Featured in the movie are a rugby superstar dealing with relationship troubles as well as a drug problem, a cab driver living a happy life until one moment of distraction, and a young gangster trying to escape the criminal lifestyle. All three are dealing with their personal hard times and trying to improve and/or live their lives the best they can. These stories are told simultaneously but never really cross/connect aside from a couple quick passes.
I think that is part of why I was underwhelmed. I watched the movie and tried to enjoy it, but in the back of my mind I kept wondering if there was going to be some twist that brings all the stories together, like the pilot for This Is Us (just as a recent example) or the movie Playing By Heart (among many other fine examples). And there was no real connection that I caught onto. In fairness, I may have dozed off while watching the movie (twice), so I could have missed something (little tip: do not try to watch this late at night). Still, it seemed like the only commonality was the city in which they lived.

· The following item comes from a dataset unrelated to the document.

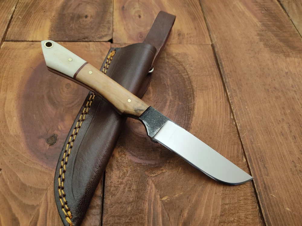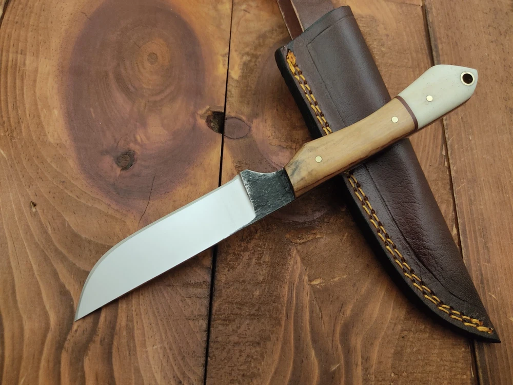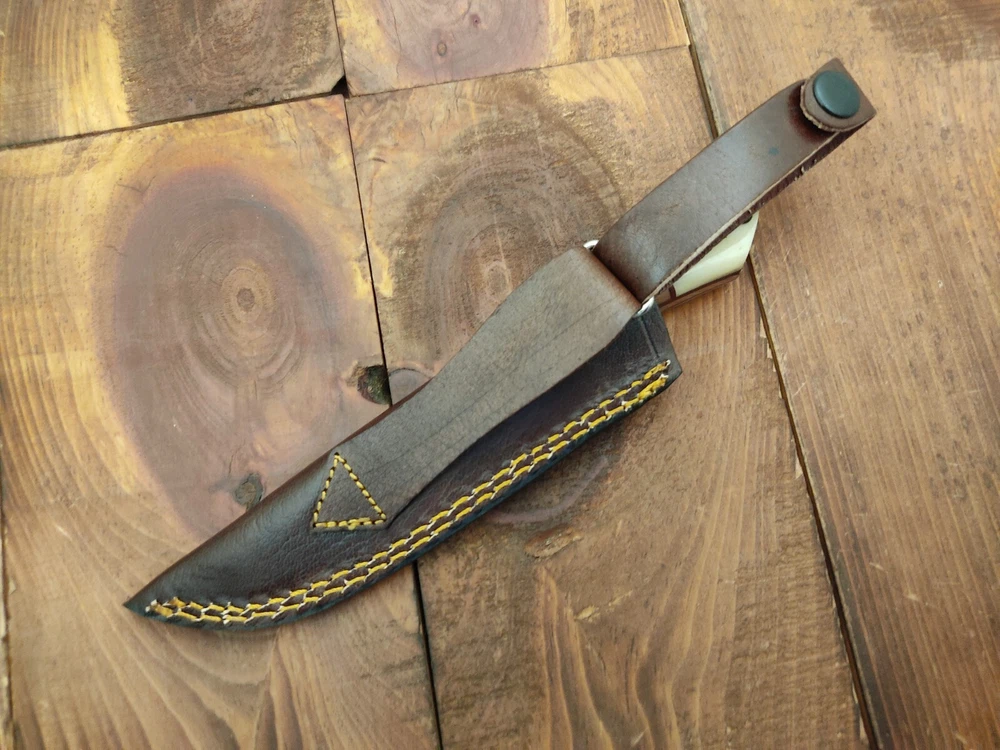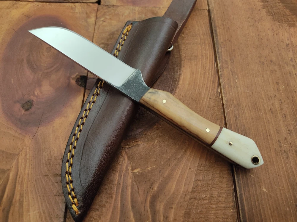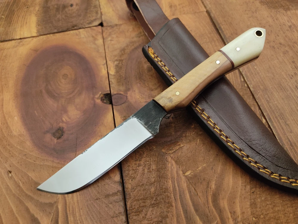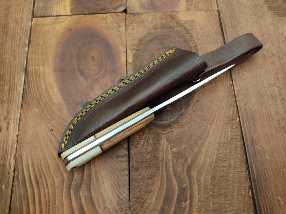 ITEM # HM-133 Fabulous Unique THUNDER STORKE Custom MADE KNIFE Custom Handmade Forged 1095 High Carbon Steel Scandi Grind Bush Craft Camping Survival Outdoor Vintage Hunting Fixed Blade Knife High Carbon Steel holds an edge very well and is optimum for hunting and skinning use as well as tactical and military tasks. The steel is very corrosive and will tarnish and turn the blade black when blood and acidic liquids or chemicals get onto the blade. The blade will still work fine, but will lose the satin color when it was new. Bone & Olive Wood Handle 1095 High Carbon Steel Blade RAZOR SHARP Gorgeous Handle & Blade 8" Long | Blade is 4" Long | Handle is 4 " 5 mm Thick Blade | Beautiful Worked Blade & Handle WORK OF ART This prestigious unique HUNTING knife was designed and custom made by THUNDERSTORKE . Blade was given excellent heat treatment and Rockwell hardness of the blade 58 to 60 . PAYMENT: As Per Ebay Requirement DISPATCH TIME: 2 to 3 DAYS AFTER RECEIVING YOUR PAYMENT COURIER / SHIPPING: When we print the postage label there is a number that is on the label. This number is called a "Delivery Confirmation Number". The post office is not like UPS or FEDX where they scan the mail at the receipt point and then track it to your door. What the post office does is scan the item when it is delivered (if they choose to) and then you will see that it was delivered. Sometimes they do scan it when you drop it off, but this is rare. If they did scan it at a sorting facility, you see it moving across the USA. But this is very rare. - eBay confuses the buyer with the "tracking number" next to the post offices "delivery confirmation number" when in reality there is not a tracking number. You can ask this at the post office and they will concur. We print labels off the internet using eBay's USPS shipping program and then we drop the packages off at the post office, similar if you were mailing a stamped letter. The post office is supposed to scan it "received" and they do this about 50% of the time. But sometimes they do not scan them. Do not worry, we did mail the item and it is on it's way to you. COMBINE SHIPPING OFFER: We Do Combine Shipping Discount On Multiple Purchase are as Follow. BUYER FEEDBACK AND Detailed Seller Ratings (DSR) SCORES : We spend a lot of time trying to describe our knives 100% perfect in detail, but sometimes we miss things. In the event that we missed something, upon inspection of the item when you receive it, let us know by contacting us via the "Contact Seller" link (next to our user ID profile) and allow us to solve your problem before leaving us low DSR scores (Detailed Seller Ratings) or neutral and negative feedback. - Help us, help ourselves to do better, with our future business on eBay by allowing us to correct our faults and fix the sale with you to a positive. We need to keep our scores high to continue to offer our great knives for sale on eBay. KNIFE CARE and SHEATHS : Leather sheaths pull moisture out of the air and tend to rust knife blades if not stored properly. When you are done using the knife, store it away from the leather sheath and put gun oil, Seal 1, or a similar protectant on the blade and store. Damascus, 1095HC, and D2 can rust and develop stains if not lubricated. AGE RESTRICTION: WE DON'T SELL KNIVES TO ANY ONE WHO IS UNDER AGE . GUARANTEE: If you are not happy with your purchase, we offer you a peace of mind guarantee if you return the product within 7 working days. We will refund your money back immediately ON RECEIVING THE KNIFE BACK IN ORIGINAL CONDITION. DELIBERATE TAMPERING WITH THE PRODUCT OR MISUSE WILL NOT QUALIFY FOR THE REFUND. SHIPPING CHARGES ARE NON-REFUNDABLE. DISCLAIMER: WHEN YOU ARE BIDDING ON THIS KNIFE YOU ARE CONFIRMING US THAT YOUR AGE QUALIFIES FOR THIS PURCHASE AND THIS IS A LEGAL PURCHASE. TAKES NO RESPONSIBILITY FOR ANY ILLEGAL PURCHASE Thank you, - Props in the Photos are NOT INCLUDED. Knife & Sheath ONLY .

Now, that was a highlight for me. Ever since I developed an obsession with Doctor Who, I have been fascinated by all things British. Not only was 100 Streets set in and filmed in various locations around London, but it features several top notch actors, including Idris Elba (Pacific Rim, Thor, Star Trek), Gemma Arterton (Quantum of Solace, Hansel & Gretel: Witch Hunters), Ryan Gage (Hamlet, The Musketeers), Charlie Creed-Miles (The Fifth Element, Five Days), and Franz Drameh (Attack the Block, DC’s Legends of Tomorrow). All of them played their characters fairly well and other viewers may find them interesting or even connect with one or more of them; unfortunately, I did not, but I did feel some of the emotional roller coaster that they go through.
Check it out if you like. It may not be something that changes your life (based on the stories, I get the feeling that was a partial goal of the filmmakers, along with a BAFTA maybe), but it might entertain you for about 90 minutes and/or give you something to think about. To be perfectly honest, if it wasn’t for the fact that I enjoy DCs Legends of Tomorrow (and the whole Arrowverse), I would probably forget this movie exists as soon as I finish this review. I occasionally look back at the reviews I have written and am amazed at the movies I have watched and forgotten; even great movies that I loved.